- Task item
Each line of data below must be printed exactly as written, with any pictures removed.

- Stored data

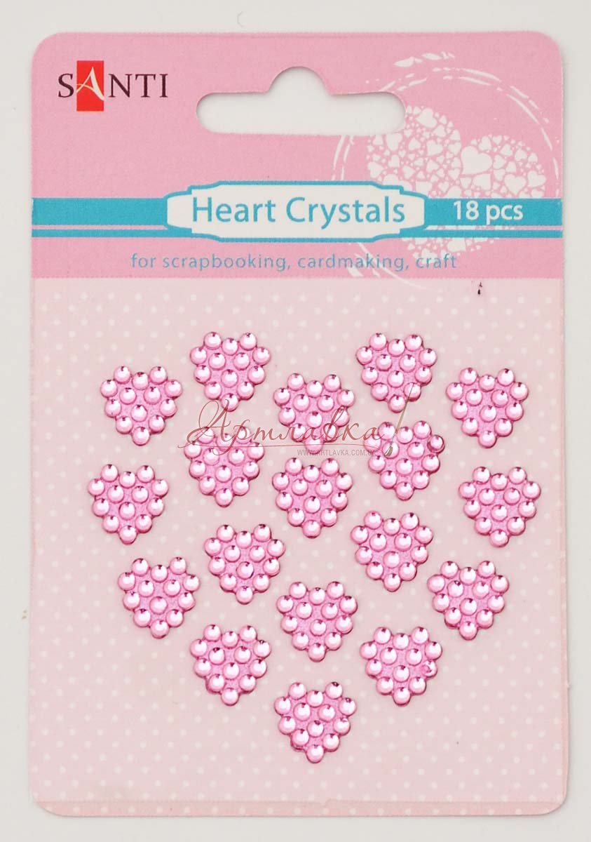 Кристали клейові "Серденька рожеві", 18шт/уп
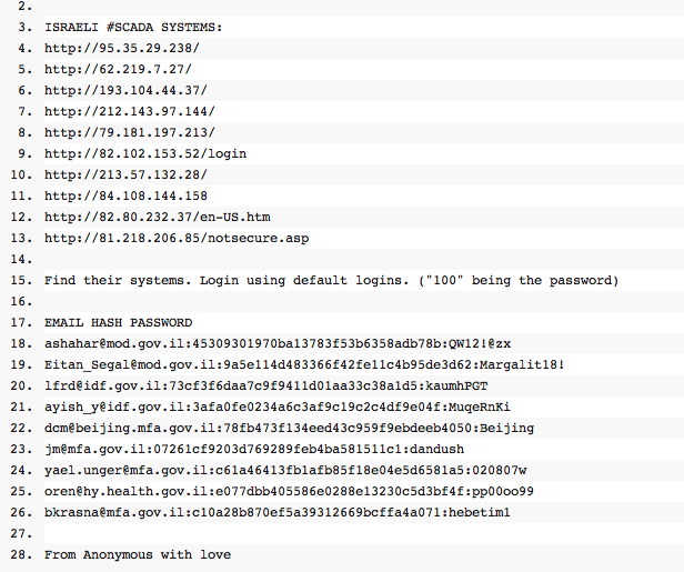The next action, although not a real escalation yet, showed how 0xOmar turned essentially into a brand much like Anonymous, where information on alleged Israeli “SCADA” systems logins and gov.il email addresses was made public. This leak, now not directly associated with 0xOmar turned the attention of some Anonymous twitter accounts into supporting the newly tagged “#fuckIsrael” activities.
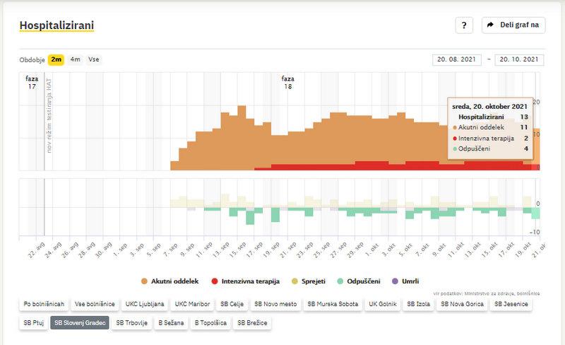 V Splošni bolnišnici Slovenj Gradec zdravijo 13 covidnih bolnikov, od teh jih 11 potrebuje intenzivno terapijo.

- Response area
 Кристали клейові "Серденька рожеві", 18шт/уп
The next action, although not a real escalation yet, showed how 0xOmar turned essentially into a brand much like Anonymous, where information on alleged Israeli “SCADA” systems logins and gov.il email addresses was made public. This leak, now not directly associated with 0xOmar turned the attention of some Anonymous twitter accounts into supporting the newly tagged “#fuckIsrael” activities.
 V Splošni bolnišnici Slovenj Gradec zdravijo 13 covidnih bolnikov, od teh jih 11 potrebuje intenzivno terapijo.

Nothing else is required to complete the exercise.